Your task is to give the listing below back word for word, pictures excluded.
★ ★ ★
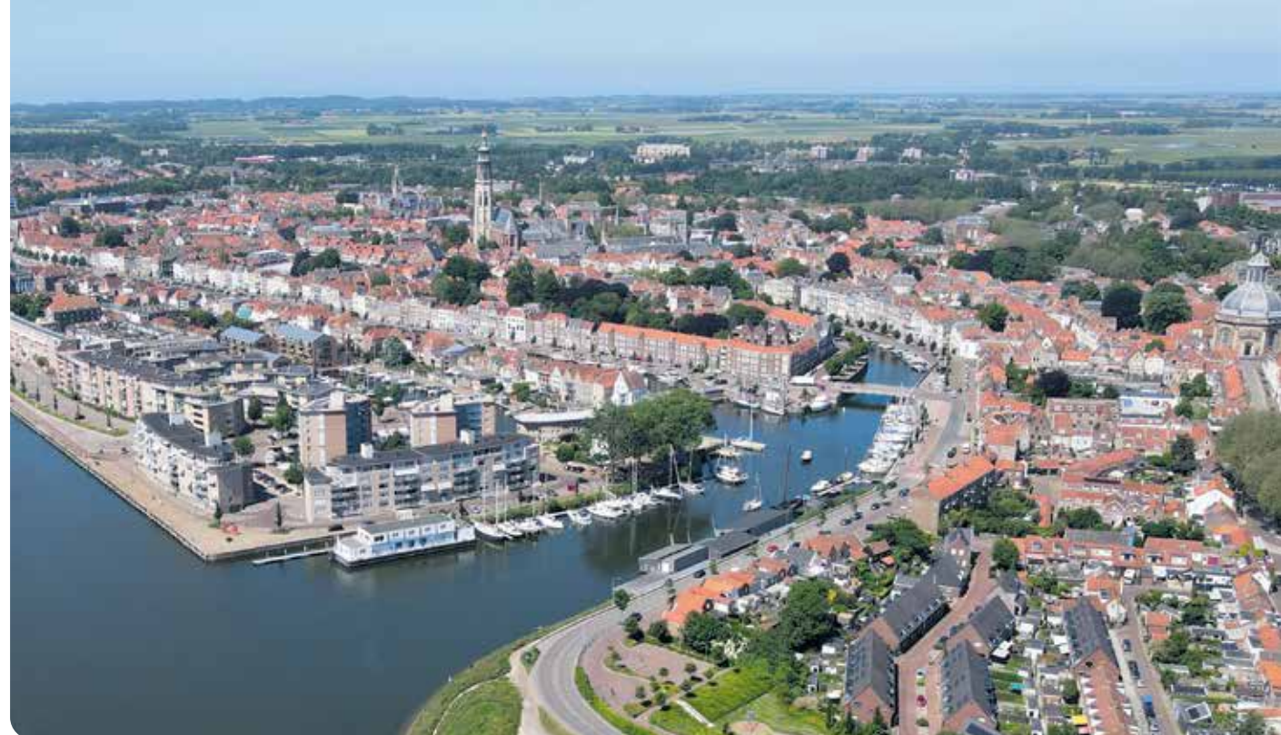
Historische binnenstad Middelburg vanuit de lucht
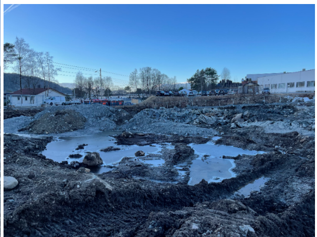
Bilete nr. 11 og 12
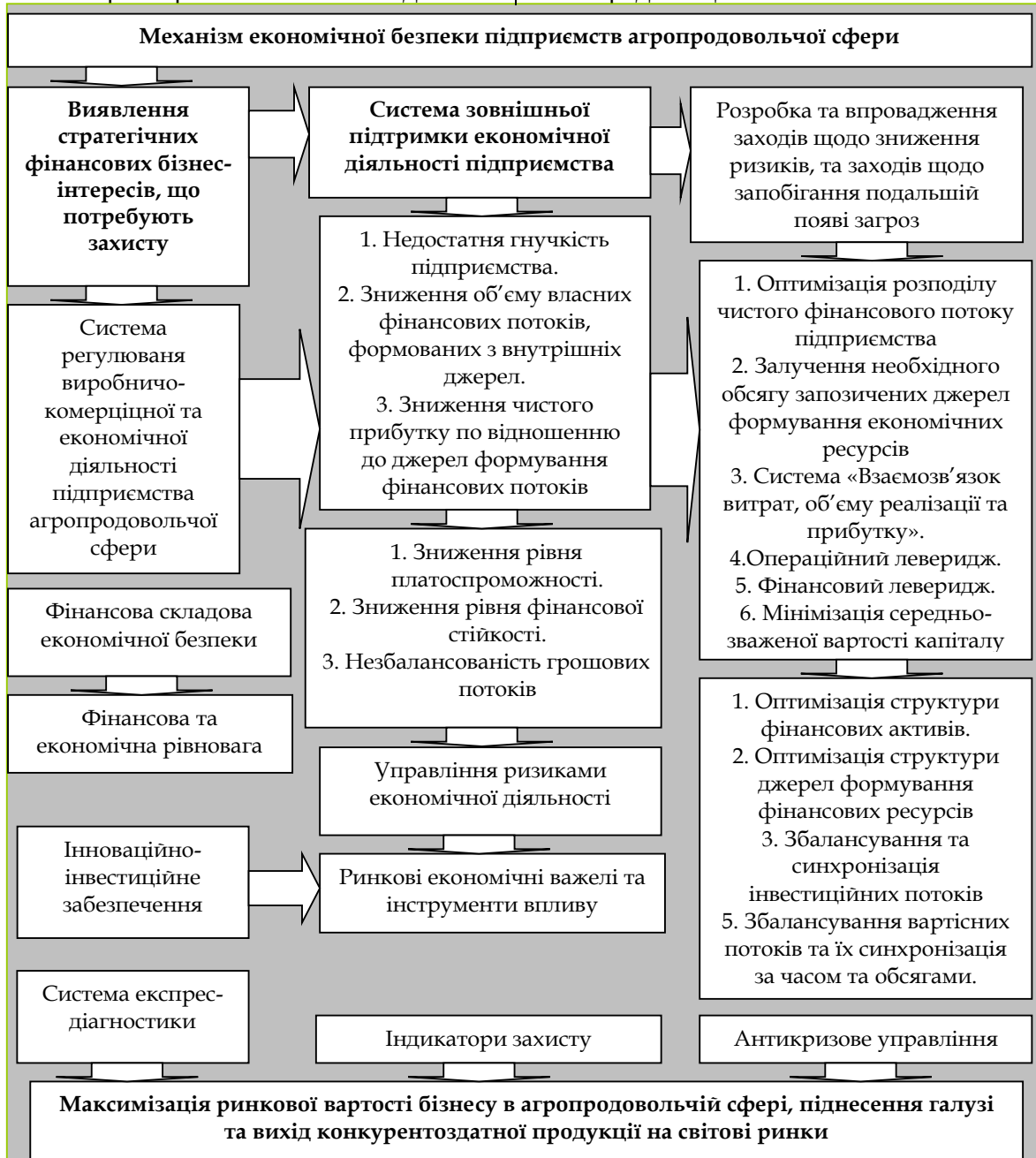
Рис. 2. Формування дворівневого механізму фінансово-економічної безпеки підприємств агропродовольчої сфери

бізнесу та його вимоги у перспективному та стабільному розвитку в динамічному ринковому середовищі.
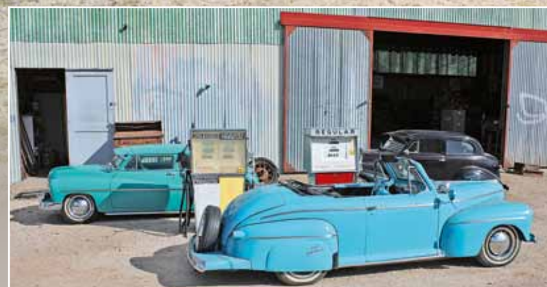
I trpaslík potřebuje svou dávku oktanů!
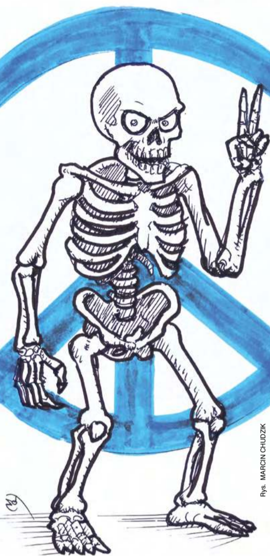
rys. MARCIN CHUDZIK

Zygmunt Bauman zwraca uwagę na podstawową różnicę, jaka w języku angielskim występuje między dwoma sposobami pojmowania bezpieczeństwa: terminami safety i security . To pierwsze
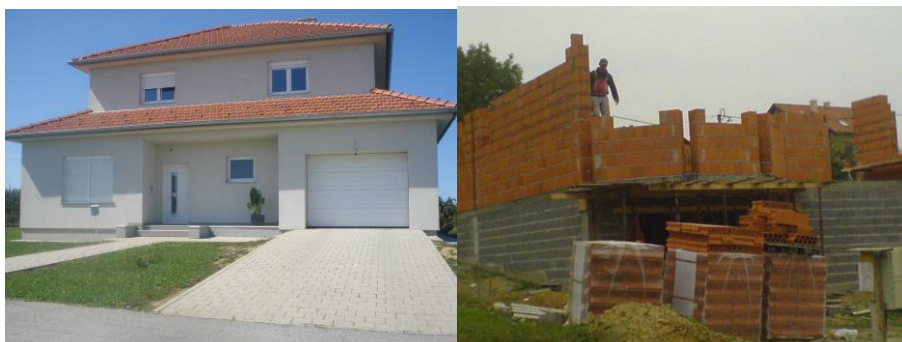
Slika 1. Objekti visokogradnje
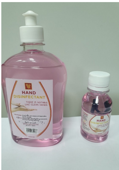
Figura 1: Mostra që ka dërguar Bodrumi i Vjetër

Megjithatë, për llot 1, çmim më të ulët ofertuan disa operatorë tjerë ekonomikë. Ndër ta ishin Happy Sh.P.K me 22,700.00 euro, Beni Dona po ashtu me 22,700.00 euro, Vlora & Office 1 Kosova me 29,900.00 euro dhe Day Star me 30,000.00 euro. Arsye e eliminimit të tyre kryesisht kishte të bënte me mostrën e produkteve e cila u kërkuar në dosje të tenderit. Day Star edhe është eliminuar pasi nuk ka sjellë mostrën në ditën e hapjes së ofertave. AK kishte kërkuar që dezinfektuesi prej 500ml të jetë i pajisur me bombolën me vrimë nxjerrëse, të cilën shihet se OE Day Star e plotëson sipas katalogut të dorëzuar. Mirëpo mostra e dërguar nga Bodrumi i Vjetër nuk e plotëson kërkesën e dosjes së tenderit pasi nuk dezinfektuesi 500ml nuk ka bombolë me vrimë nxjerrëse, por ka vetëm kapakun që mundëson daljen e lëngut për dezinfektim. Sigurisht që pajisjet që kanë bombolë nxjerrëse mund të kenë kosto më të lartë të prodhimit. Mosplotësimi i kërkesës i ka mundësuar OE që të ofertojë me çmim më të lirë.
★ ★ ★
■ **SOLUTION FOR THIS EXERCISE**
Historische binnenstad Middelburg vanuit de lucht
Bilete nr. 11 og 12
Рис. 2. Формування дворівневого механізму фінансово-економічної безпеки підприємств агропродовольчої сфери

бізнесу та його вимоги у перспективному та стабільному розвитку в динамічному ринковому середовищі.
I trpaslík potřebuje svou dávku oktanů!
rys. MARCIN CHUDZIK

Zygmunt Bauman zwraca uwagę na podstawową różnicę, jaka w języku angielskim występuje między dwoma sposobami pojmowania bezpieczeństwa: terminami safety i security . To pierwsze
Slika 1. Objekti visokogradnje
Figura 1: Mostra që ka dërguar Bodrumi i Vjetër

Megjithatë, për llot 1, çmim më të ulët ofertuan disa operatorë tjerë ekonomikë. Ndër ta ishin Happy Sh.P.K me 22,700.00 euro, Beni Dona po ashtu me 22,700.00 euro, Vlora & Office 1 Kosova me 29,900.00 euro dhe Day Star me 30,000.00 euro. Arsye e eliminimit të tyre kryesisht kishte të bënte me mostrën e produkteve e cila u kërkuar në dosje të tenderit. Day Star edhe është eliminuar pasi nuk ka sjellë mostrën në ditën e hapjes së ofertave. AK kishte kërkuar që dezinfektuesi prej 500ml të jetë i pajisur me bombolën me vrimë nxjerrëse, të cilën shihet se OE Day Star e plotëson sipas katalogut të dorëzuar. Mirëpo mostra e dërguar nga Bodrumi i Vjetër nuk e plotëson kërkesën e dosjes së tenderit pasi nuk dezinfektuesi 500ml nuk ka bombolë me vrimë nxjerrëse, por ka vetëm kapakun që mundëson daljen e lëngut për dezinfektim. Sigurisht që pajisjet që kanë bombolë nxjerrëse mund të kenë kosto më të lartë të prodhimit. Mosplotësimi i kërkesës i ka mundësuar OE që të ofertojë me çmim më të lirë.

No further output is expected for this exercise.